Here the job is to transcribe the data exactly while omitting the images.

## Information supplied
┌──

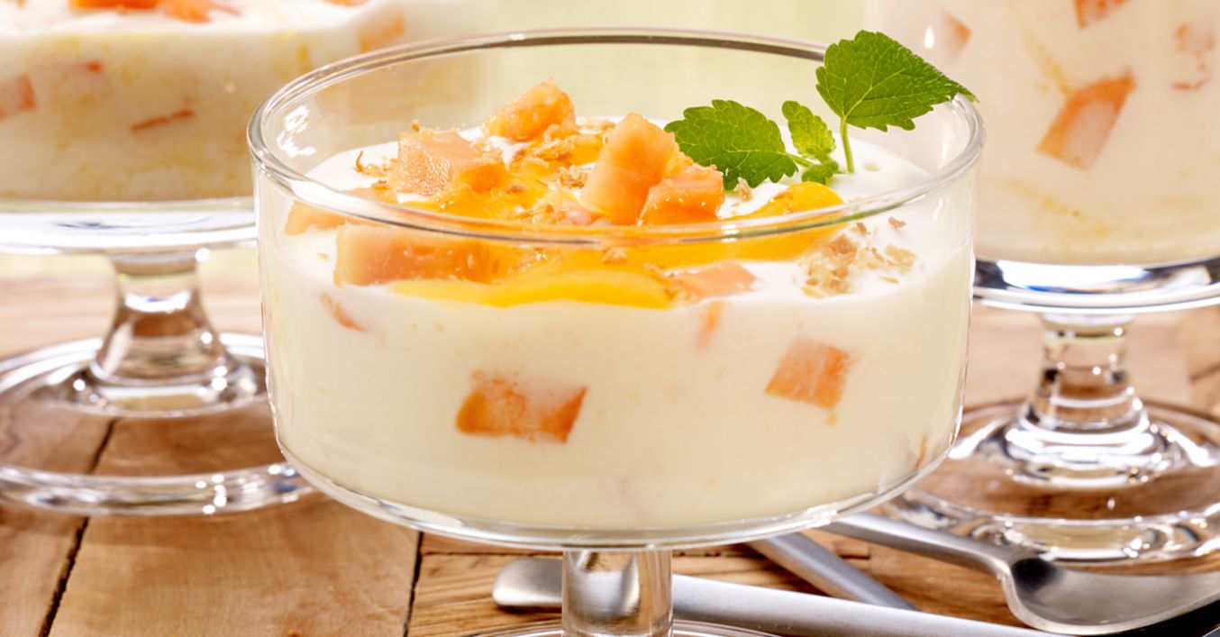 Sahne mit restlichem Zucker steif schlagen und sobald die Creme zu gelieren beginnt, Sahne und Papayawürfel unter die Creme heben. Creme in Dessertgläser oder -schalen füllen und circa 2 Stunden kalt stellen.
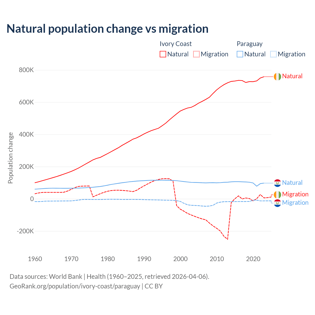 Over the last 10 years, 99.7% of the population change in Ivory Coast is from natural causes (a gain of 7,348,944 people) and 0.33% is from migration (a gain of 24,432 people). In Paraguay 87.6% is from natural causes (a gain of 1,002,636 people) and 12.4% is from migration (a loss of 141,377 people).
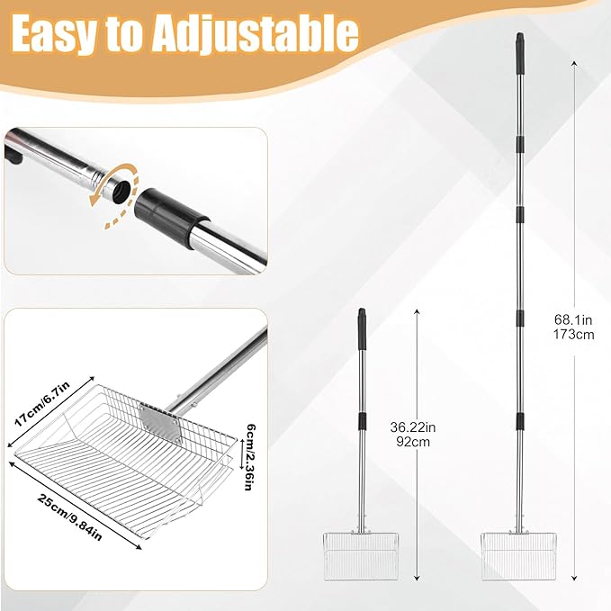 Chicken Poop Scooper with Stainless Steel Handle,24" to 68" Adjustable Length Chicken Coop Litter Scoop,4 in 1 Multifunctional Heavy Duty Litter Sifting Shovel Chicken Coop Accessories

└──

## Solution
 Sahne mit restlichem Zucker steif schlagen und sobald die Creme zu gelieren beginnt, Sahne und Papayawürfel unter die Creme heben. Creme in Dessertgläser oder -schalen füllen und circa 2 Stunden kalt stellen.
 Over the last 10 years, 99.7% of the population change in Ivory Coast is from natural causes (a gain of 7,348,944 people) and 0.33% is from migration (a gain of 24,432 people). In Paraguay 87.6% is from natural causes (a gain of 1,002,636 people) and 12.4% is from migration (a loss of 141,377 people).
 Chicken Poop Scooper with Stainless Steel Handle,24" to 68" Adjustable Length Chicken Coop Litter Scoop,4 in 1 Multifunctional Heavy Duty Litter Sifting Shovel Chicken Coop Accessories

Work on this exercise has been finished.